The men’s peloton is increasingly becoming more concerned about the risk of positive Covid-19 cases, with Deceuninck-Quick-Step’s doctor warning that “anyone who enters the bubble now will not leave it.”
In the past week there has been a number of positive cases involving riders in Belgian and Spanish races, with Britain’s Matt Walls contracting the virus forcing his Bora-Hansgrohe team to miss the E3 Saxo Bank Classic and Ghent-Wevelgem, while Lotto-Soudal’s Harry Sweeny missed the Classic Brugge-De Panne.
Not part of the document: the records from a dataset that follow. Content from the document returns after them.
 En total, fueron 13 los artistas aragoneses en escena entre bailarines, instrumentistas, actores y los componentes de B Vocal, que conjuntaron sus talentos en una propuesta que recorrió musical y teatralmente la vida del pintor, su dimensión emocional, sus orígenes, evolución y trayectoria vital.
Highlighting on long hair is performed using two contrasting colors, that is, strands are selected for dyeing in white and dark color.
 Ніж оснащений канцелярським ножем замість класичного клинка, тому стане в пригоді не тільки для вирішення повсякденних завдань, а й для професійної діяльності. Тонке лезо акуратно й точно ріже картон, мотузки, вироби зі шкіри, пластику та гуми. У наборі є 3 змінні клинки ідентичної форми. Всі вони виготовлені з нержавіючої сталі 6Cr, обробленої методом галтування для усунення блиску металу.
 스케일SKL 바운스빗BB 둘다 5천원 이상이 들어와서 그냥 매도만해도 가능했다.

Likewise, Trek-Segafredo didn’t race Ghent-Wevelgem because of two positives.
At the Volta a Catalunya, Lotto-Soudal reported another positive after the race, this time with Stef Cras, coming just days after Kern Pharma abandoned the Catalan race owing to two team members testing positive after stage four. Alpecin-Fenix didn’t start the race as planned due to three Covid positives.
With the Tour of Flanders just days away, and teams hoping that Paris-Roubaix will be given the green light to go ahead in locked down northern France, teams are anxious about the virus infiltrating their team bubbles.
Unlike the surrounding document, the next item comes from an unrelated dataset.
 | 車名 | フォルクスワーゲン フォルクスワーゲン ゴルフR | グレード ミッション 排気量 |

Typically, a positive test for a rider or team staff results in their close contacts having to isolate, which invariably rules a number of riders out of action for upcoming races.
Aware of the consequences, and with the heightened risk of contagion due to new variants that are deemed more contagious, Deceuninck-Quick-Step doctor Yvan Vanmol told Het Nieuwsblad: “We have tightened up our protocols.
“The bottom line is that anyone who comes to Belgium for Dwars door Vlaanderen and the Tour of Flanders is no longer allowed to leave the hotel. Anyone who enters the bubble now will not leave it. It applies to everyone, including the Belgians: no one leaves the bubble.
“You can keep your riders within a bubble, but the staff of the hotel where you stay will go home every day. Then you can only hope that they do not get infected.”
Vanmol said that managing the pandemic within a sporting environment was harder than at the resumption of racing last summer, despite increased and improved testing.
He added. “The situation has completely changed even compared to a year ago. If you could say during the first wave that anyone who did not take risks wouldn’t contract the virus, then we are now dealing with a much more contagious variant.
“At the same time, we continue to focus on an enormous amount of testing. We conduct rapid and PCR tests ourselves. For the latter we use a permanent laboratory and if we hand in our tests before 9am, we will have the result around 2pm. This way you can detect positive cases faster and can isolate them.”